The MOUA launched an exhibition called Ocean Sentinels above water at Museum of Tropical Queensland in 2022. This includes eight sculptures of scientists, conservationists, and Indigenous people. In May 2023, the Ocean Sentinels were installed as a snorkel trail at John Brewer Reef. Plans for installation at Magnetic Island were scrapped after protests from local concerned with the placement in a marine park green zone.

== Sculptures ==

The MOUA has installed three underwater sculptures:

1. The Ocean Siren on the Strand Townsville created by Jason deCaires Taylor and installed in December 2019 is made from stainless steel, fiberglass and is a 4m high illuminated sculpture. The Ocean Siren was modelled on Takoda Johnson, a young indigenous girl from the Wulgurukaba tribe. It reacts to live water temperature data from the Australian Institute of Marine Science Davies Reef weather station on the Great Barrier Reef and changes color in response to live variations in water temperature.
2. The Coral Greenhouse at John Brewer Reef created by Jason deCaires Taylor and installed in December 2019 is made from stainless steel and concrete and at 12 × 9 × 9.3 m and 165 t is the world's largest underwater art structure.
3. The Ocean Sentinels is a series of eight sculptures also by Jason deCaires Taylor.
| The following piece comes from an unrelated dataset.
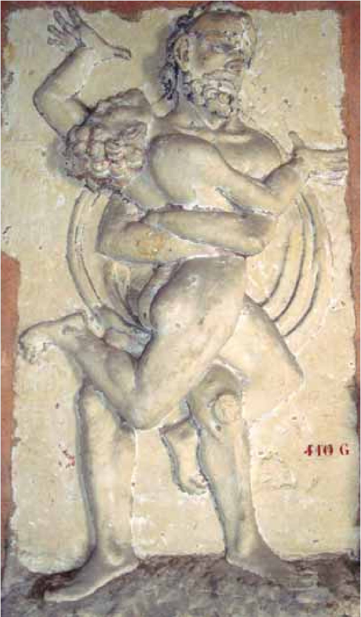
Hercule étouffant le géant Antée, XVe siècle, coll. MAAP, Ville de Périgueux

They are modelled on marine scientists and conservationists and are a synthesis of human figures and natural marine forms.

The sculptures are expected to be colonized by marine life. The Coral Greenhouse installation is suitable for Open Water Divers and above.

== Recognition ==

In 2022, The Coral Greenhouse was one of the top 20 tourism destinations in Australia.

In 2022, The Coral Greenhouse was awarded silver in The Australian Street Art Awards.